Nine years from now, nonetheless, appears to be the most urgent and exciting topic for the English football media. Why? Why not Brazil 2014 or Russia 2018 who spanked the English out of sight in the vote?
What makes Qatar 2022 of such relevance that these English journalists flock to Zurich to cover a non-event? What is it that motivates the best sports journalists in the world to focus on an event that will happen roughly a decade from now? Not tomorrow, not next year, not in 2018 but in 2022?
Is it a suspicion of the ‘B’ word and all the evil that it implies? As Crusaders, this is a morally driven country that knows no bribes (the alleged BAe and Saudi deal was an exception), knows no match-fixing (the thing with the Aussie scandal where Brits allegedly pulled the strings was an exception), knows no corruption (the pharmaceutical firms that are presently suffering from the same in China were an exception), and where its own FA has never seen a scandal (Triesman’s resignation for having mumbled a few sweet things too many to a lady admirer must be an exception). A country such as this will of course hold its principles of fair play high above other people’s alleged corruption, bribes, match-fixing and, ultimate, downfall. You just know it is going to happen, it’s just so obvious. I see it. Don’t you?

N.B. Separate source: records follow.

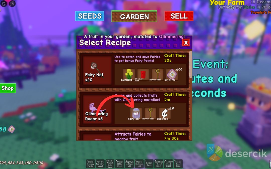 - Glimmering Radar – 1x Fairy Jar, 1x Harvest Tool, 1 000 000 Sheckles
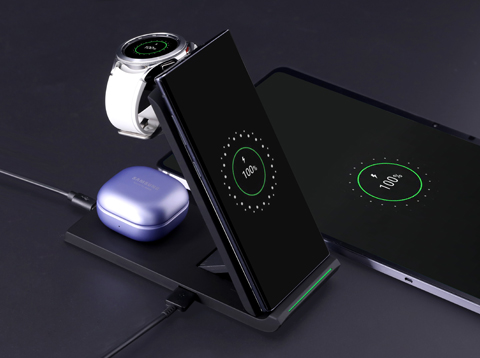별도의 선 연결 없이 충전기에 올려놓는 순간 무선 충전이 시작됩니다. 스마트폰 기준 기기에 따라 5W(일반충전) / 7.5W(고속충전) / 10W(고속충전) 출력을 지원하며, 최대 일반 충전보다 3배 빠른 15W의 고속 충전을 지원합니다.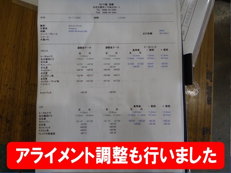 【輸入車もおまかせ!】アウディA4(B9) 「タイヤ交換&アライメント調整」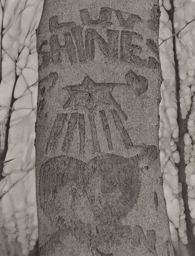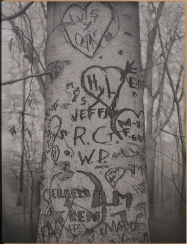 Reilly elevates the gnarled bark and scarred trees into something silvery and timeless. Each carving is different and speaks to its own unique history. Reilly describes walking through the woods as if it were a trip back in time. Each carving creates a narrative in her mind of the people that left them. Some are romantic in nature and most likely left by lovers, while others seem left by people hanging out in groups. Reilly selected her favorite imagery from each category to create homage to these anonymous small crimes of passion, which nature seems to have endured without pause.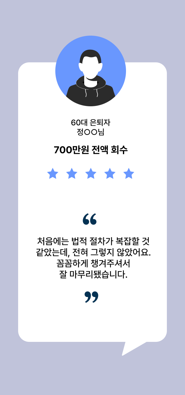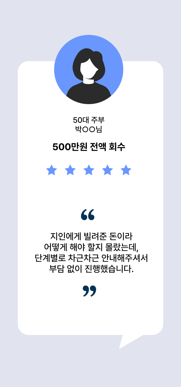 개인 간 금전 문제, 혼자 해결하려다 놓치는 경우가 많습니다. 상황에 맞는 절차 안내로 회수 가능성을 높여드립니다.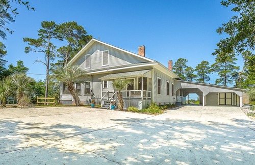 Above & Beyond is a historic treasure located in downtown Carrabelle on top of Carr's Hill with one-of-a-kind views of Carrabelle Harbor. This 2BR/2BA has a open floor plan and has original features from the 1900's including exposed brick chimneys and original mill work which you will see in the heart pine-coffered ceilings and herringbone walls in the living room and dining room. A large, open kitchen with modern appliances and fully stocked to cook a home cooked meal if you wish. This home will sleep 5 comfortably with a king size bed in the master room and en-suit bathroom, as well as a river view. The second room has a queen bed and a twin bed. The wrap around, covered porch is the perfect place to relax in the evenings while watching the sunset and boats roll in from the bay. This notable home has a large, private yard and is within walking distance to downtown shops and restaurants.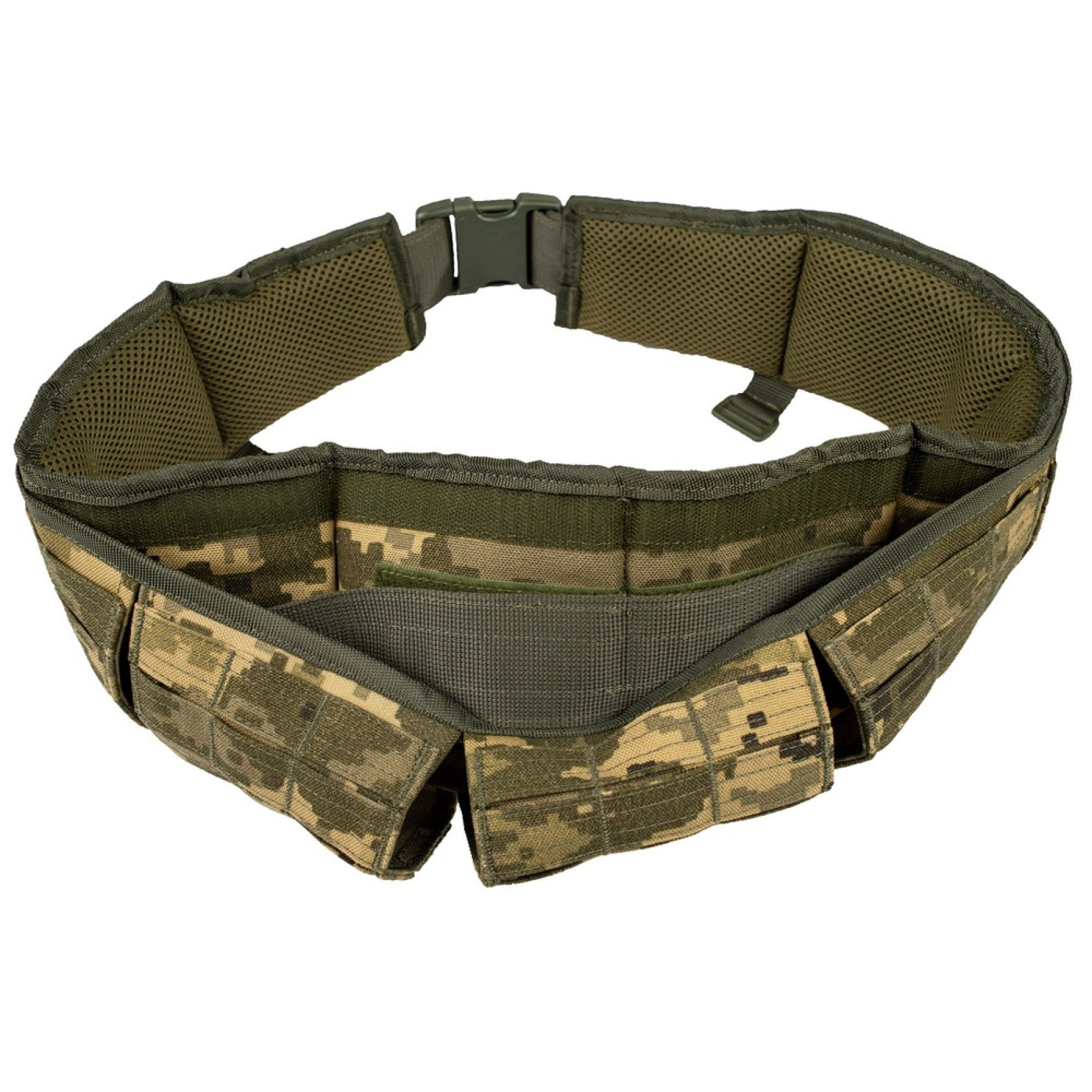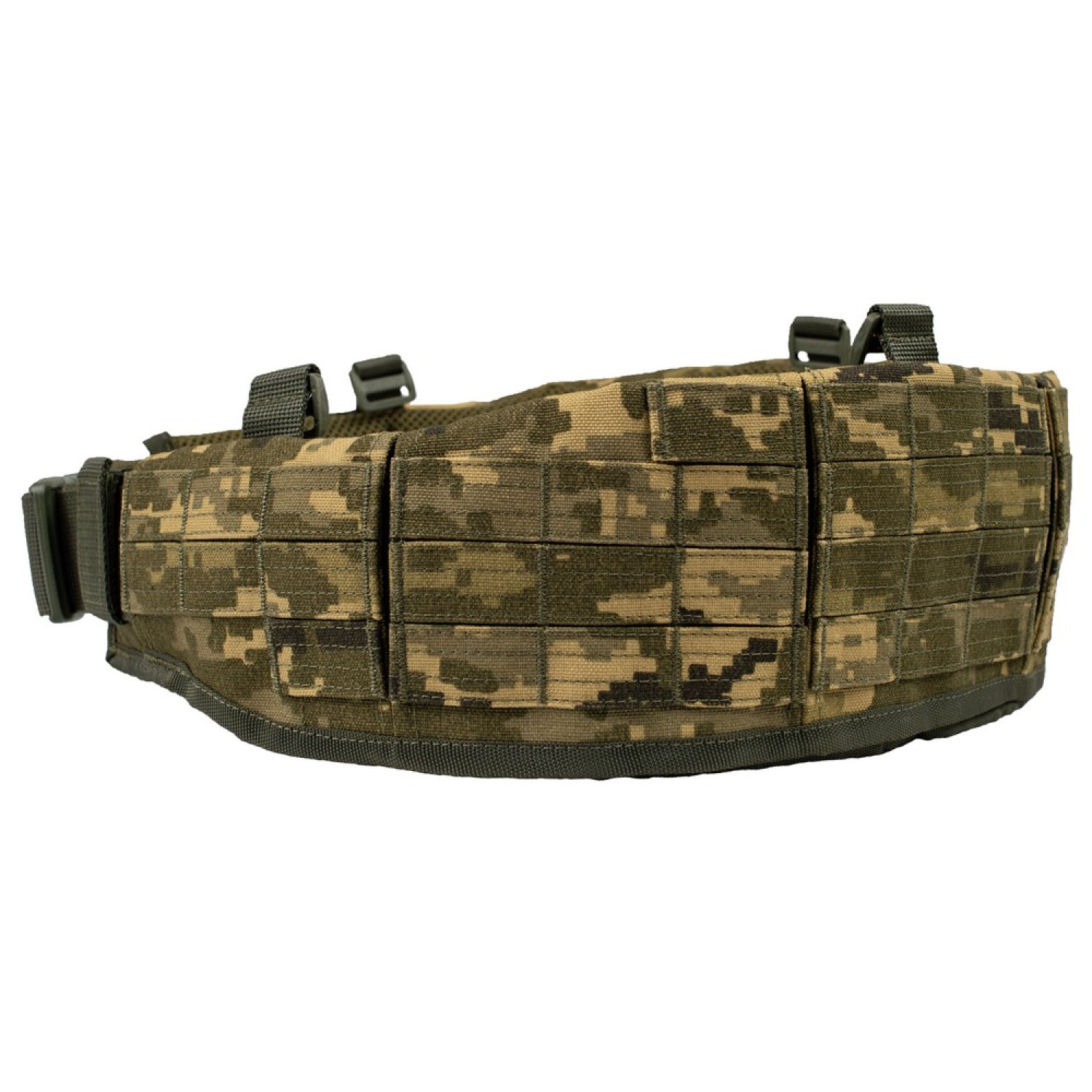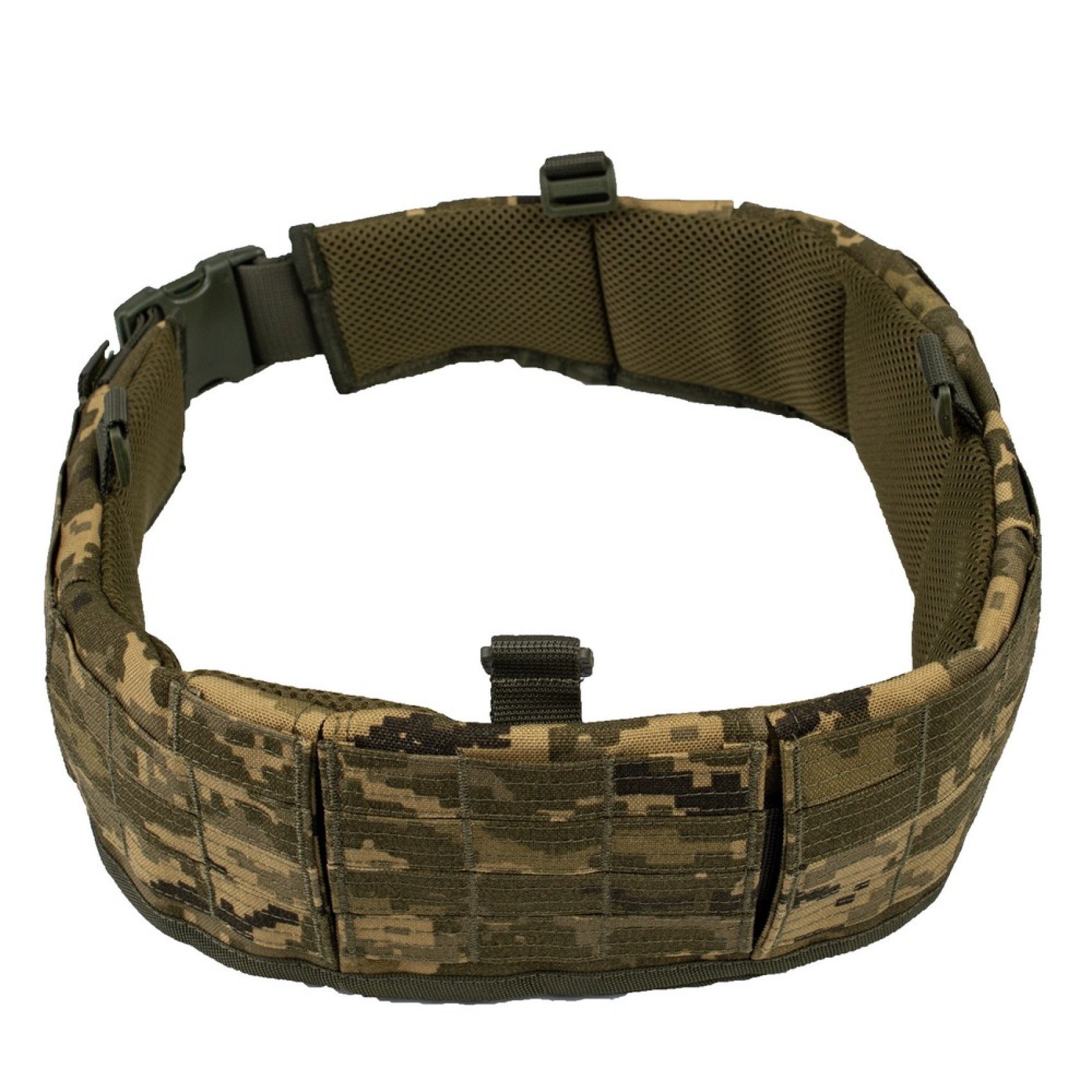 В середине варбелта протянут ремень из сплошной полиамидной стропы, который при необходимости, можно использовать в качестве стандартного общевойскового ремня. Регулировка размера происходит благодаря прочному фастексу из ацетала.

Author’s note: occasionally, the Editor of IWF has been approached by readers who complain that the INSIDE Insight column is (usually) not attributed to an author. Here is a suggestion, then: please complain to the FT that the Lex Column has never carried a byline. Please also complain to Der Spiegel that many of its articles do not carry a name. Furthermore, kindly refer to Private Eye and violently complain about articles that carry a ridiculous alias or are not signed at all. Lastly, please complain to the authors of the Bible for their ludicrous omission of any traceable by-line, despite the fact that hundreds of millions of well-meaning, God-fearing people around the globe take every single word for granted.